In a cinema market where name recognition is the best indicator of success it was only a matter of time before Dora the Explorer appeared on the big screen. Since its Nickelodeon debut in 2000, Dora the Explorer has became a household name among any house with a child and a television, especially with parents with any special interest in exposing their children to diversity and other cultures. Nearly twenty years later, Paramount and Nickelodeon give the Spanish-speaking girl with the bob haircut a bigger audience in Dora and the Lost City of Gold, and you can be glad they did.
The New Dora
In the new Dora, our girl (played by Isabela Moner) has aged into a young teenager. She maintains the childlike innocence and charm she had at the age we once knew her. Living mostly alone in the Amazon with only her parents and her quirky pet monkey, Boots, Dora’s social skills fit better in the jungle than a high school. Her best childhood friend is her cousin Diego. They’re forced apart when Dora’s parents (played by Eva Longoria and Michael Peña) take her off in search of a lost city of gold, and you can imagine the challenge of what’s to come: Diego grows up in a “regular” school system and becomes a normal teenager while Dora remains the same, untarnished by high school popularity, politics, or peer pressure.

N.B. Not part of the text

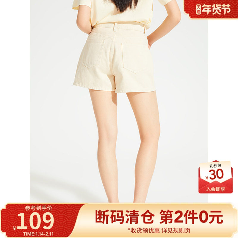 热风2024年夏季新款女士复古方形口袋牛仔短裤百搭休闲牛仔裤女裤

When Dora and Diego are reunited as teens, the result is a fish-out-of-water comedy that places an awkward-yet-confident Dora in a Los Angeles high school with her frequently embarrassed cousin Diego, who wants to sink into the ground each time Dora opens her mouth, or worse, dances like the animals of the jungle. The film catches its stride when Dora and a few classmates — an awkward nerd named Randy, a nerdy mean girl named Sammy, and Dora’s cousin Diego — find themselves kidnapped by a group of mercenaries trying to track down Dora’s parents to find the city of gold themselves. The fish-out-of-water scenario is flipped when Dora returns to her comfortable landscape of the jungle and her begrudging acquaintances are the ones out of place and completely out of their element. Of course, hilarity ensues that include a few clever nods to adults in the audience — phrases like Terminator‘s “come with me if you want to live” and The Wire‘s “come at the king queen, you best not miss” — along with homages to the original Dora the Explorer for longtime fans. There’s even a third-wall break a lá the original series (can you say “delicioso?”), some throwback animation, and Swiper the Fox, complete with bandana, voiced by Benecio del Toro.
Genuine Fun
Most refreshing of the Dora film is its decision towards maintaining the character’s innocence. Dora and the Lost City of Gold is about friendship, curiosity, self-confidence, and ultimately Dora’s coming-of-age, though not through her own moral growth but in others around her learning from the light she shines. Everyone around Dora has something to learn, and the more time they spend around her the more they’re forced to confront the challenges they resist. With her friends those challenges come in the form of high school popularity and confidence; with her parents it looks like accepting that their child is growing up and is smart and capable and that it’s time to let go. It would have been an easy pitfall to sexualize Dora or her friends in their hormonal teenage years, yet the film swings over it with a genuine purity that makes for the best child-friendly adventure movie I’ve seen in a long time.
The overall feel of Dora and the Lost City of Gold is that of a child-friendly Tomb Raider, complete with quicksand, ancient ruins, and no shortage of jungle puzzles. Overall, it’s pure fun, and a sincere, wholesome family movie. Dora and the Lost City of Gold is full of heart, comedy, and adventure, and unless you’re dead inside it’ll leave you smiling — and singing — when you leave the theater. After all, as Dora would tell you, it’s always a good time for a song.